Su lujuria me dio la idea, y levantándola de la silla, mientras la terminaba de desnudar, le dije:
― ¿Te apetece ayudarme con dos putitas?
― ¿Qué tengo que hacer?
―Por ahora, disfrutar―, respondí mientras la inclinaba sobre mi despacho, dejando su trasero sensualmente dispuesto.
Su culo era enorme, pero bien formado. Separando sus dos nalgas, descubrí una entrada todavía virgen. Era rosada, cerradita y mía, saber que estaba a mi disposición me provocó una brutal erección.

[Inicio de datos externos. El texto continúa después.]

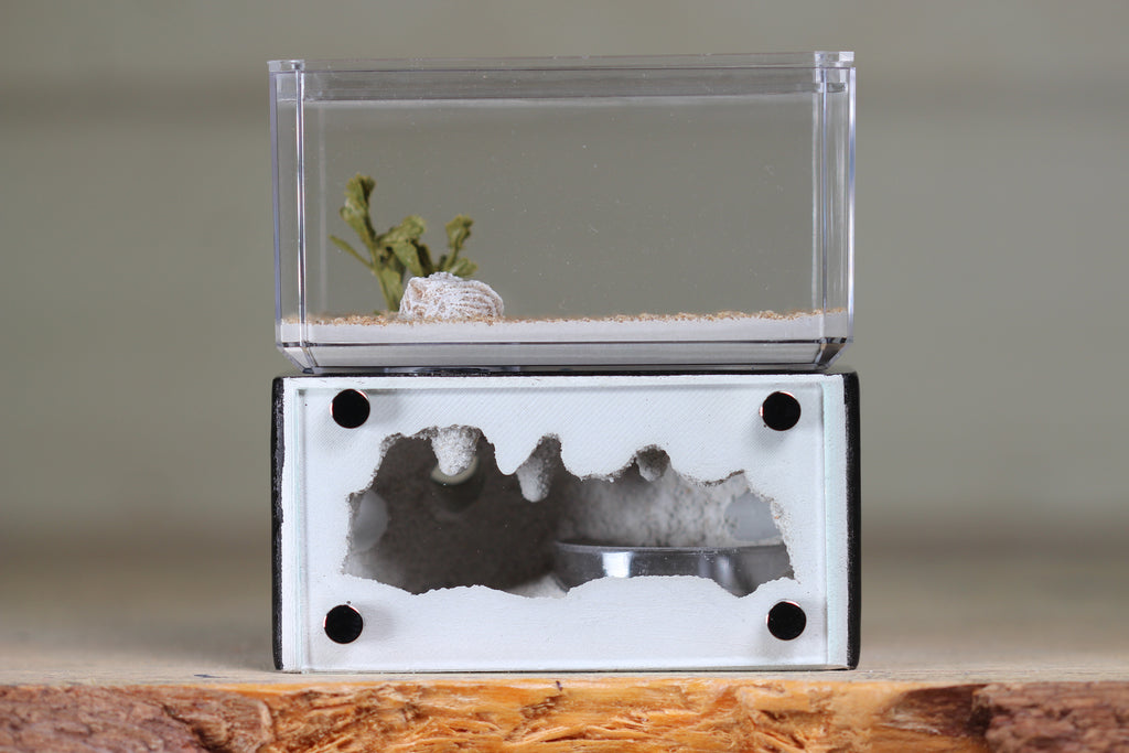 Included with this purchase is a syringe for hydration, Mini Hearth PDF guide, nestmates and stoppers, lid, and magnetic glass panel.
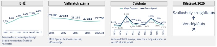 Idén január és október között a turisztikai szálláshelyeken regisztrált vendégek száma jelentősen emelkedett: a belföldi turistáké 3%-kal, míg a külföldieké 11%-kal haladta meg az előző év azonos időszakának értékeit. Így tehát továbbra is jól látható, hogy a külföldi turisták jelentik a növekedés fő hajtóerejét. Októberben mind a külföldi, mind a belföldi vendégforgalom, valamint a vendégéjszakák száma is növekedést mutatott havi és éves szinten is. A bruttó árbevétel is kiemelkedően bővült, a 104,2 milliárd forintos októberi adat folyó áron 14%-kal haladta meg az egy évvel korábbit. Az ágazat bruttó hozzáadott értéke folyamatosan erősödik, ami a szektor gazdasági teljesítményének dinamikus javulását jelzi. Szintén pozitívum, hogy az idegenforgalomban működő vállalatok számának hosszú időszak óta tapasztalt csökkenése megállt, és kismértékű növekedés történt 2024 decemberéhez képest a harmadik negyedév végére. Az idegenforgalom bővülésének folytatódására számítunk 2026-ban is, összhangban a nemzetközi trendekkel. A hazai növekedést több tényező is támogatja: a reálbérek emelkedése, valamint az olyan juttatások, mint a családi adókedvezmény fokozatos megduplázása, illetve a két- és háromgyermekes édesanyák személyi jövedelemadó-kedvezménye.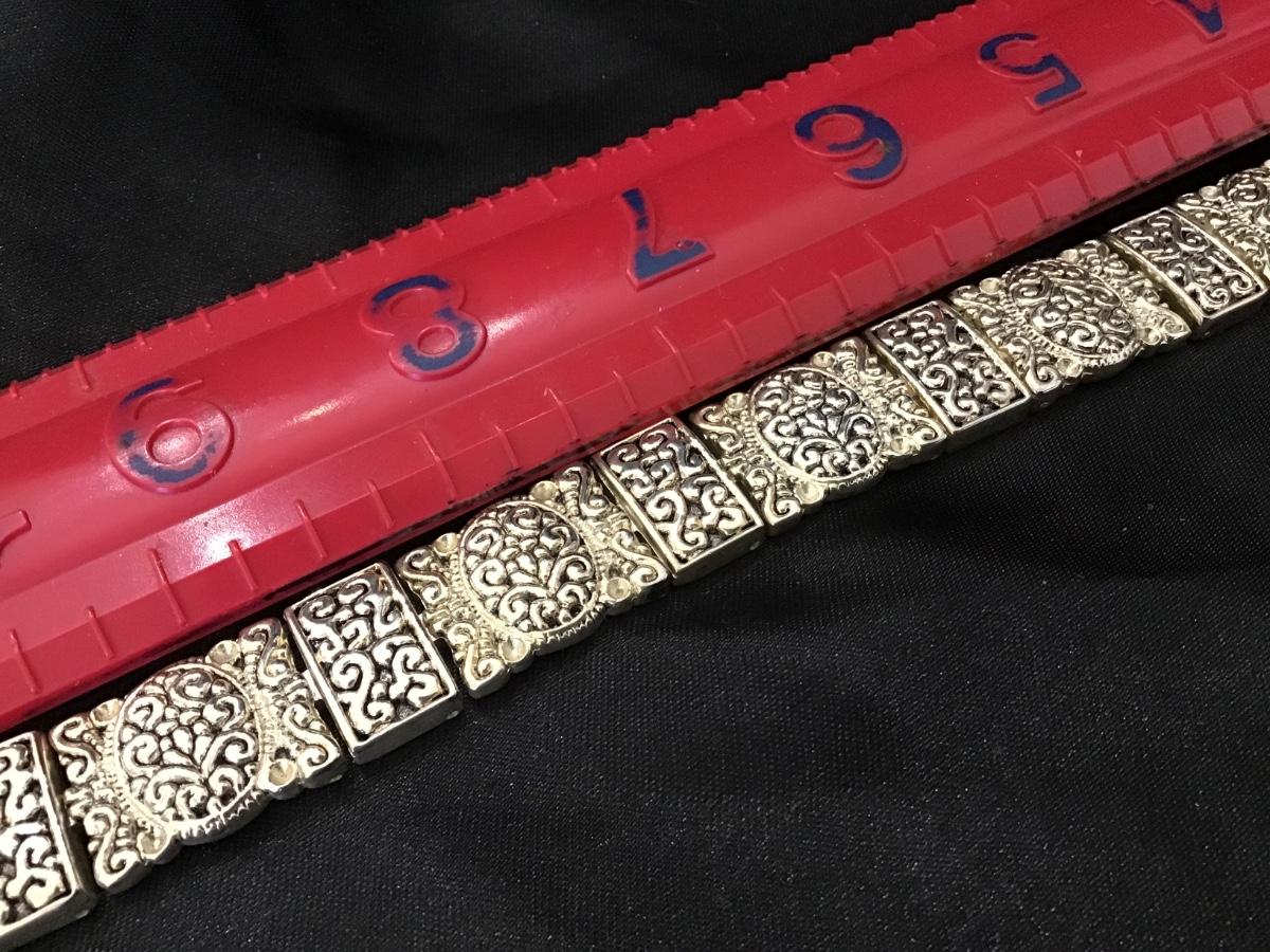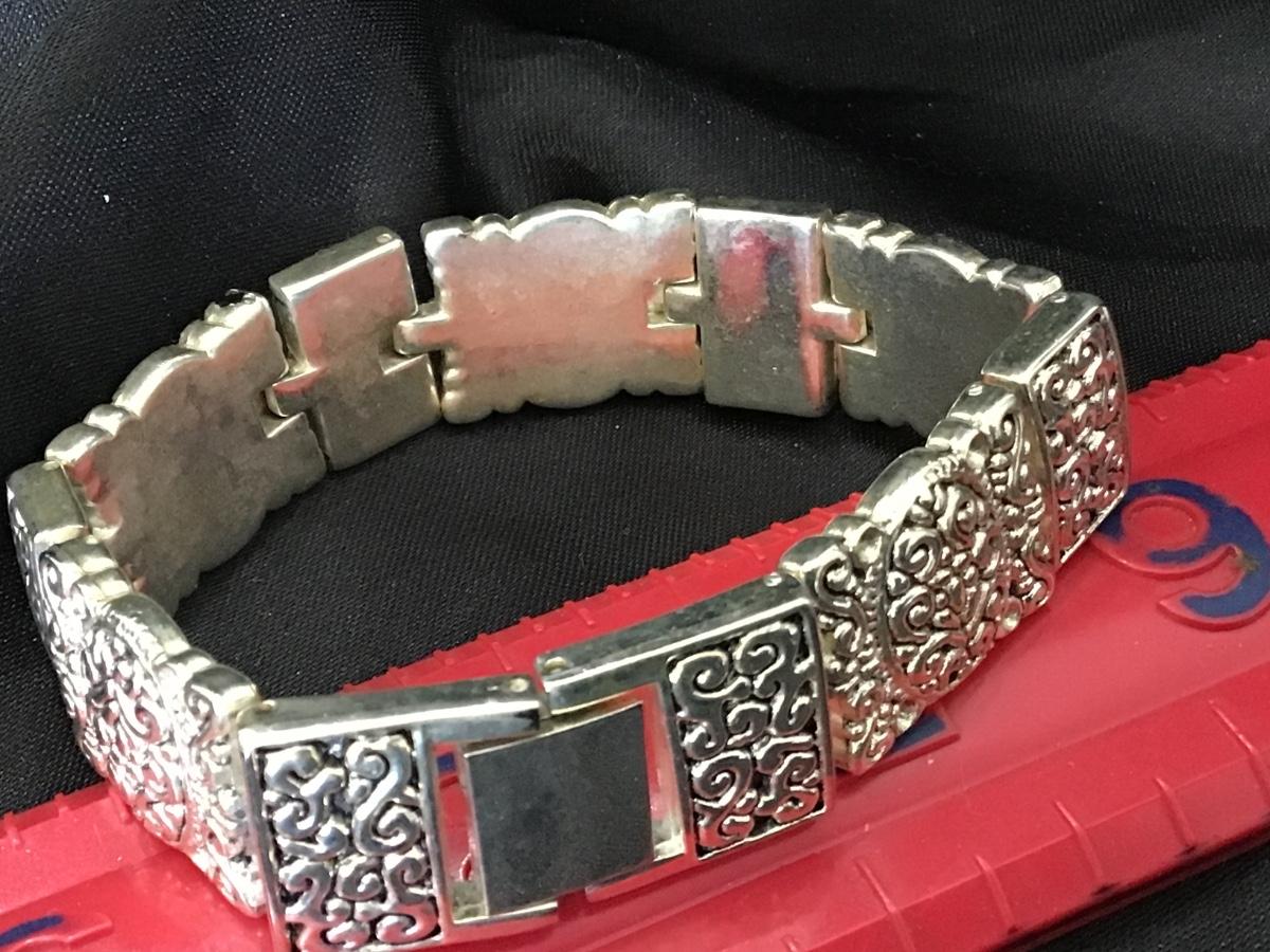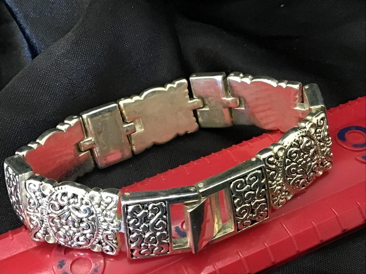 Scrolled Silver Linked Bracelet with Hinged Lock. No Marks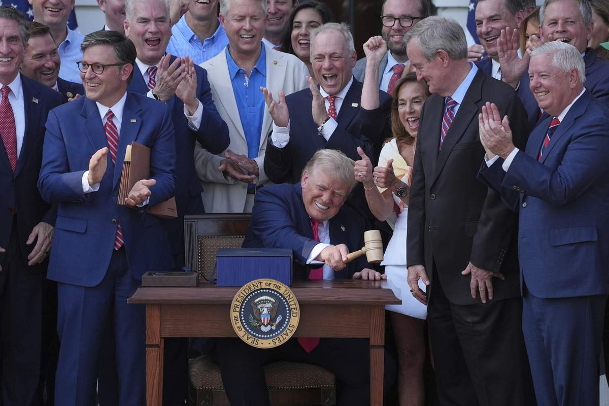 Flanked by Republican legislators and members of his Cabinet, Trump signed the multitrillion-dollar legislation at a desk on the White House driveway, then banged down a gavel gifted to him by House Speaker Mike Johnson that was used during the bill’s final passage Thursday.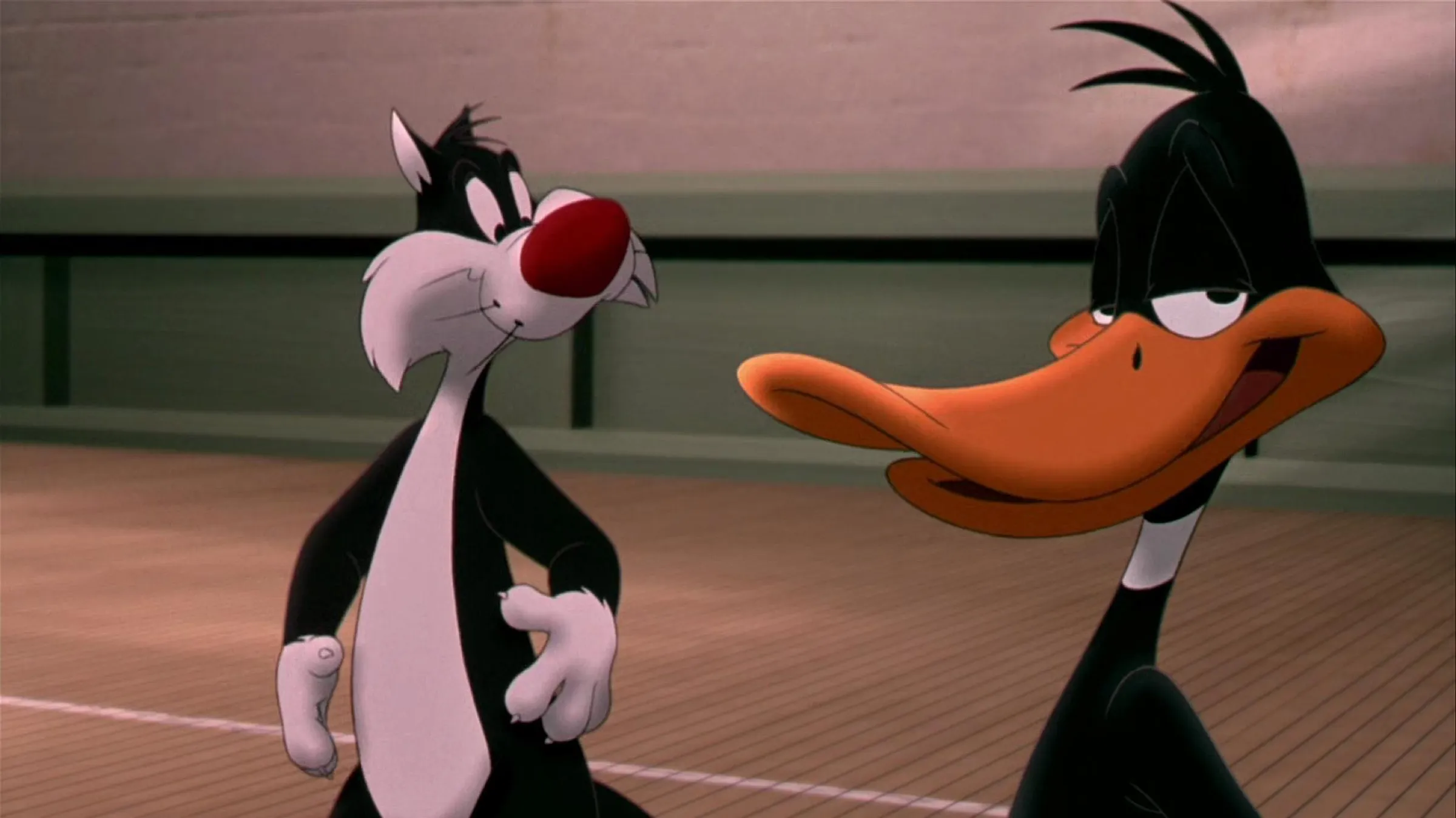 Daffy Duck, a classic Looney Tunes character who’s been around since the 1930s (appearing in more cartoons than all but Bugs Bunny and Porky Pig during animation’s golden age), will be featured in Coyote vs. Acme. While he’s only briefly seen in the trailer, he delivers the line “Ac-me? Ac-you!” and a quick visual gag shows his eyes briefly transforming into the Acme logo, hinting he might be working with them. This effect is a classic cartoon trope, usually used to show a character’s greed or affection.
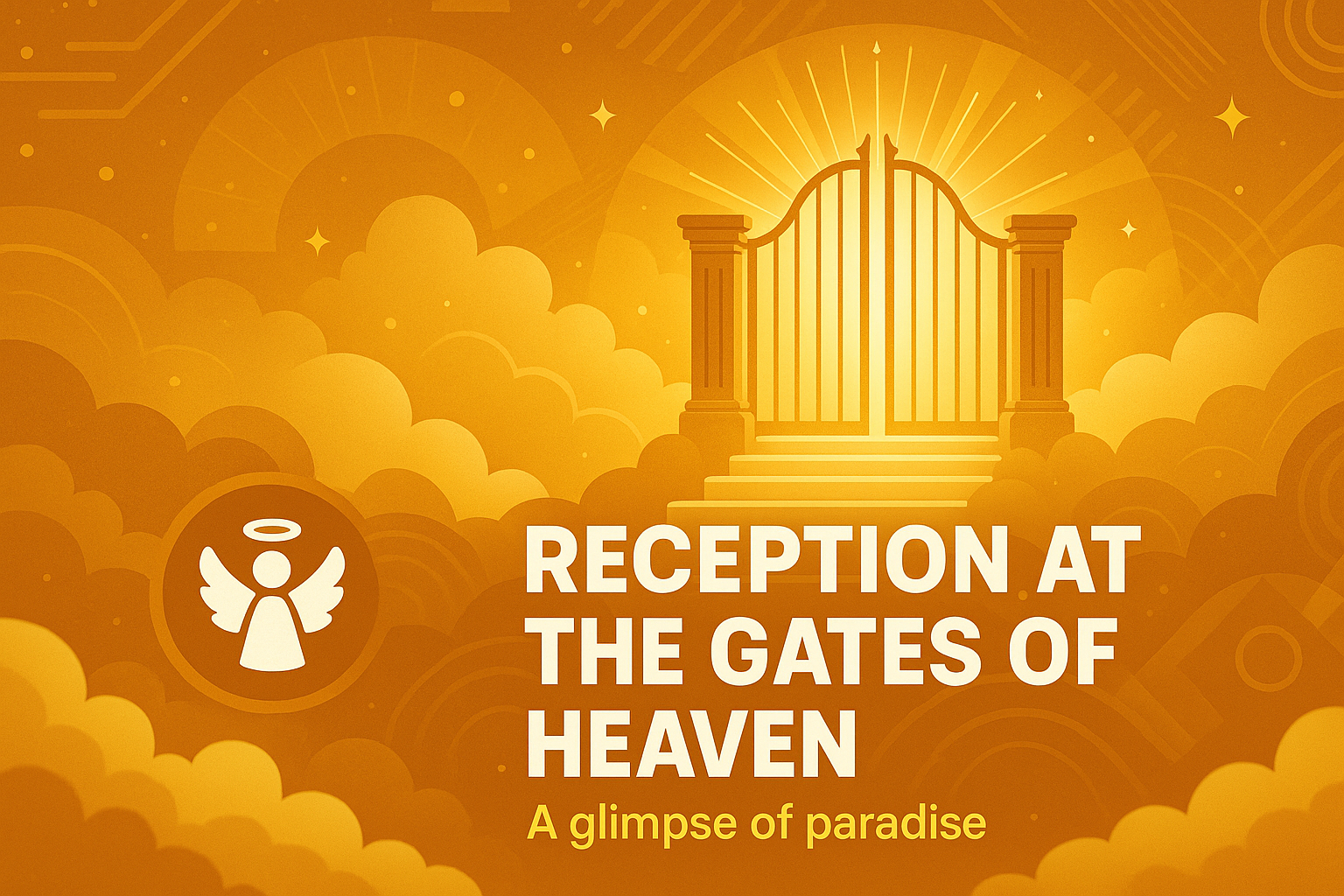 /Collection: /by davooda/Type: PNG/A vibrant illustration representing the reception at the gates of heaven, featuring angelic symbols and a warm color palette, ideal for spiritual or religious themed content.

Isabel lo notó al instante, y cogiéndose ambos cachetes con las manos, me pidió que lo hiciera con cuidado.
Pasé mi mano por su sexo, y recolectando un poco de su flujo, lo unté en su hoyuelo. La muchacha, más alterada de lo que era normal, se tumbó directamente en la mesa, dejándome hacer. Con un dedo recorrí sus bordes, antes de introducirlo en su interior. Era tentador, pero no quería destrozarla por lo que me entretuve en relajarlo antes de meter el segundo. Escuché un jadeo. Le dolía, pero no se quejaba, lo que me dio motivos para continuar. Forzando un poco sus músculos, fui encajando y sacando mis dedos hasta que desapareció la resistencia, entonces y solo entonces, acerqué mi glande a su entrada.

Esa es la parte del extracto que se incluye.